Another cause of concept drifts are events that change the meaning of the recorded data, for example

inflation: 1 Euro in 1990 was worth more than 1 Euro now ⇒ adjust the data for inflation or include the inflation rate as an additional input feature
a temperature sensor immersed in water amasses limescale and after a while the temperature reading is not accurate anymore, e.g., if the true temperature is 90 degrees, a clean senor measures the true 90 degrees, but after it has accumulated some layers of limescale, it only measures 89 degrees under the same circumstances. While our output is influenced by the true temperature, we only have access to the sensor reading for the temperature, which is additionally influenced by the state of the sensor itself ⇒ try to estimate the amount of accumulated limescale, e.g., based on the number of days since the sensor was cleaned the last time (which also means that these kinds of maintenance events need to be recorded somewhere!)

Causal diagram showing how our observed input \(x\) (temperature measurement) and output \(y\) are related through and influenced by hidden variables (which we can not access directly), namely, the state of the temperature sensor (i.e., how much limescale has accumulated), the actual temperature, and the humidity (for which we have not installed a sensor yet). If the sensor state and humidity stay constant, we are able to predict the output from the temperature measurement, however, if either of these values change, we experience a concept drift. Therefore, we should try to include estimates of these hidden variables in our model to account for these changes.

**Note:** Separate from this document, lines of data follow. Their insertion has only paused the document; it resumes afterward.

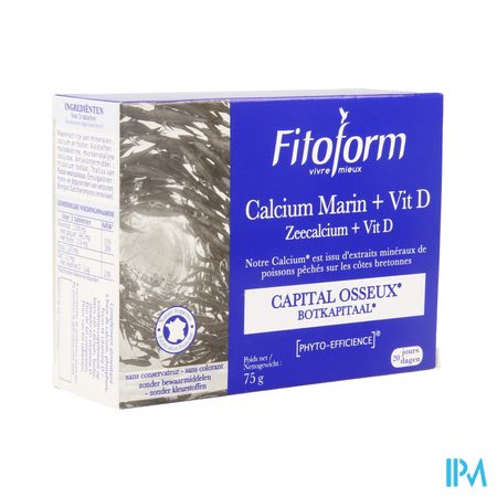 Calcium Marin Comp 60 Fitoform is een voedingssupplement, verkrijgbaar in uw buurtapotheek of online apotheek. Neem niet meer dan de aanbevolen dagelijkse dosis vermeld op de verpakking. Het vervangt geen gezonde levensstijl en gevarieerde en evenwichtige voeding. Vraag raad aan uw apotheker. Het product altijd buiten het bereik van kinderen houden. Calcium en fosfor dragen bij tot de instandhouding van normale botten. INGREDIËNTEN voor 3 tabletten (Aanbevolen dagelijkse dosis) 3 tabletten per dag (bij voorkeur 's ochtends) innemen met een glas water tijdens de maaltijd, gedurende 20 dagen. Niet aanbevolen voor mensen met schildklierproblemen.Belangrijke info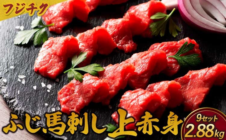 生産から加工まで心を込めて。専門店がお届けする至福の味わい。 フジチクふじ馬刺し上赤身セット 計約2880g(約80g×4個セット)×9セット ふじ馬刺し 馬刺し 馬刺 馬肉 赤身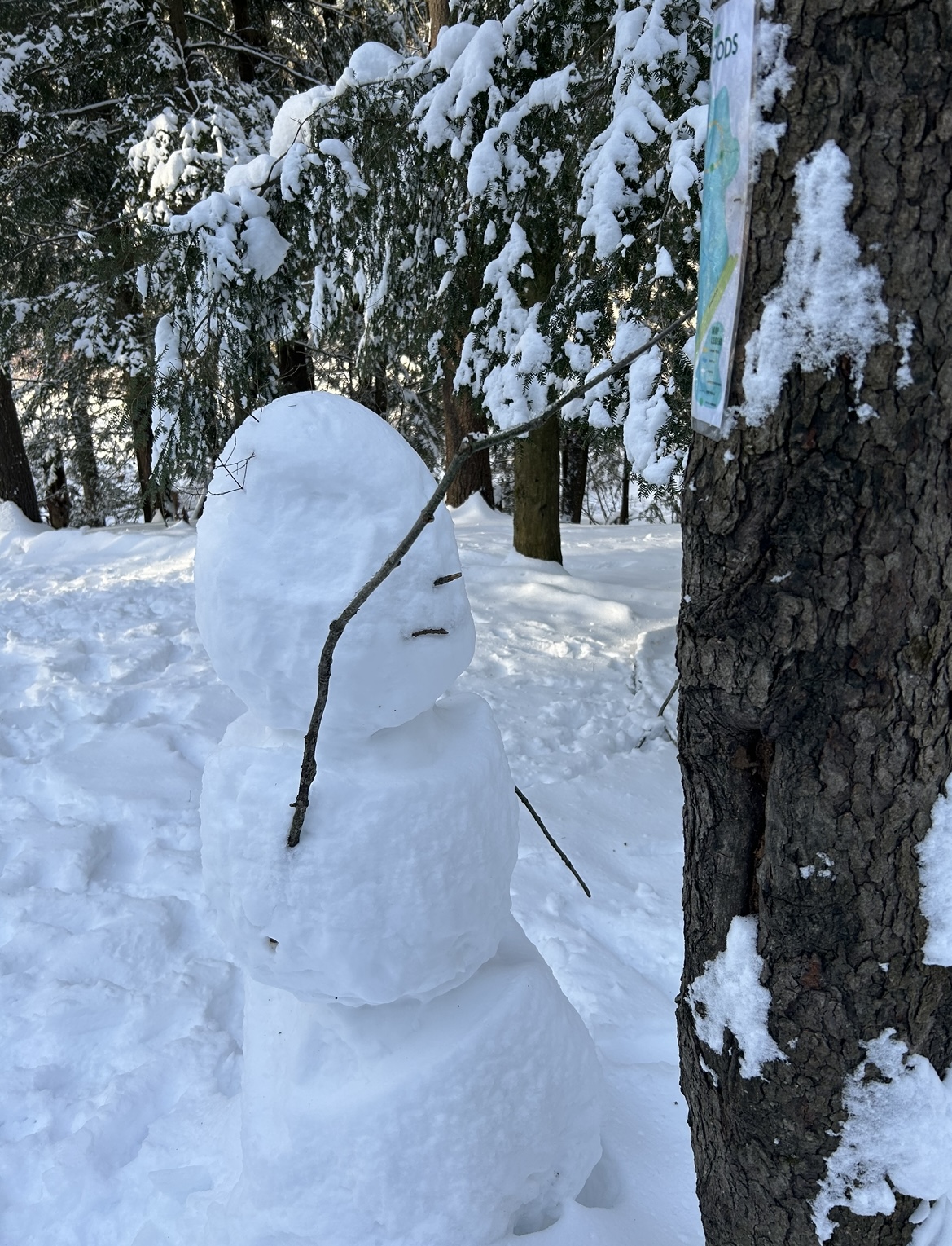 A snowman trying to find his way around Centennial Woods.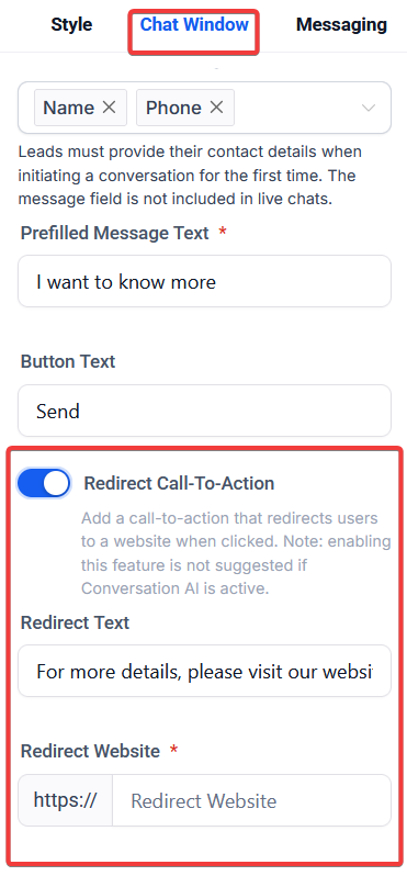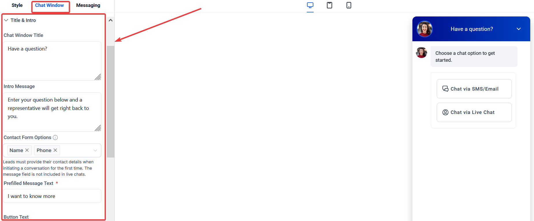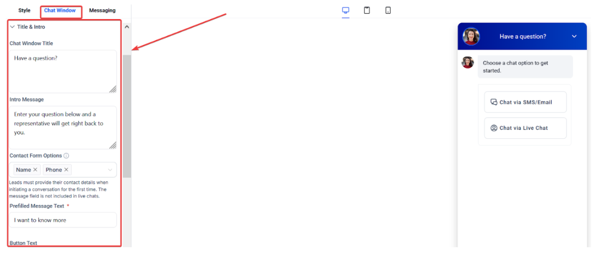 - Contact Form Fields: Standard fields like "Message" will be available for Email and WhatsApp chat to collect user information.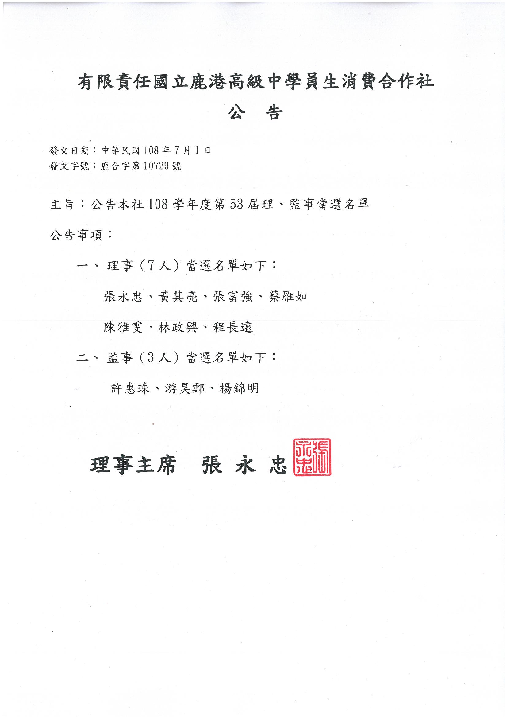 公告-有限責任國立鹿港高級中學員生消費合作社第53屆理監事當選名單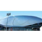 板面效果比常見的通過分割焊接生產(chǎn)的雙曲板平整度好,安裝效果比所謂的以直帶曲等假雙曲的弧線圓滑,充分展示了雙曲面鋁單板在金屬幕墻上無可替代的獨特魅力。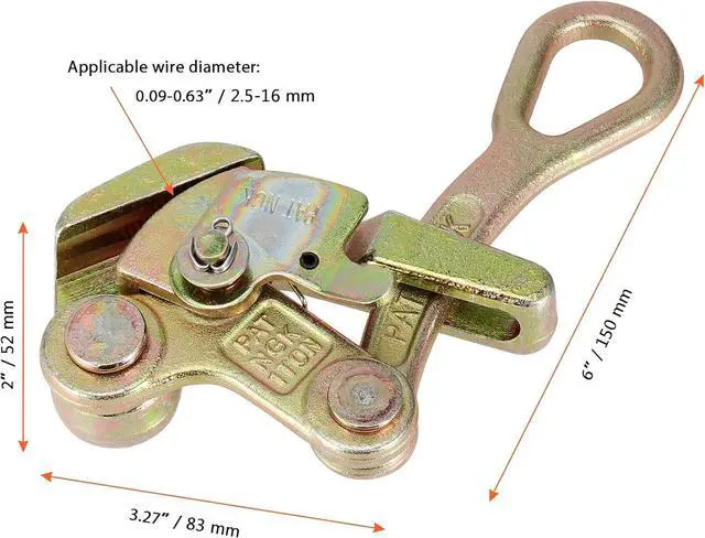 WIDE USES - The cable pulling grip is easy to load and compact, in small size, easy to carry. Suitable for cables or wire rope diameters ranging from 5/32" to 7/8". With a maximum load of 2,204 pounds / 1 ton, great for tightening ropes, installing zip lines, stretching barbwire, etc.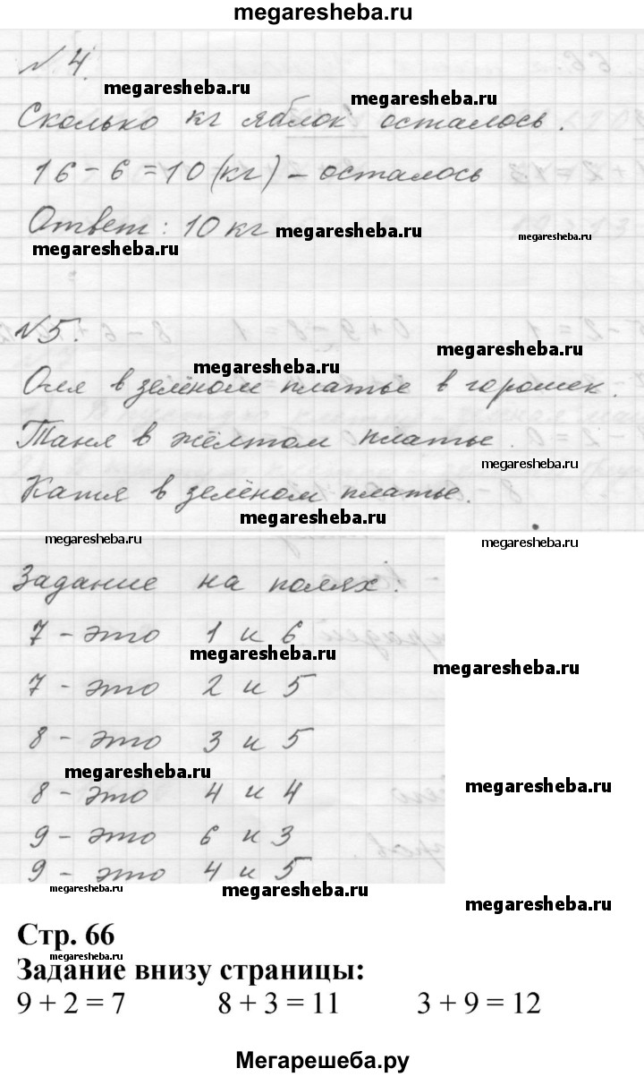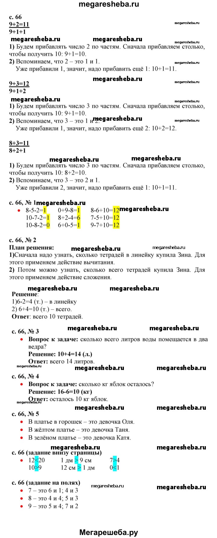 ГДЗ по математике 1 класс Моро часть 2 - стр.66

⇒ Before training a model, examine the data to identify instances where identical inputs yield different outputs. If possible, include additional input features to account for these variations. Subpar model performance on the test set often indicates missing relevant inputs, heightening vulnerability to future concept drifts. Even when the correct variables are incorporated to capture a concept drift, frequent model retraining may still be necessary. For instance, different states of the concept might be sampled unevenly, leading to data drifts (e.g., more data collected during winter than in the early summer months). If it is not possible to include variables that account for the concept drift, it might be necessary to remove samples from the original training set that do not conform to the novel input/output relation before retraining the model.

The best way to counteract data and concept drifts is to frequently retrain the model on new data. This can either happen on a schedule (e.g., every weekend, depending on how quickly the data changes) or when your monitoring system raises an alert because it detected drifts in the inputs or a deteriorating model performance.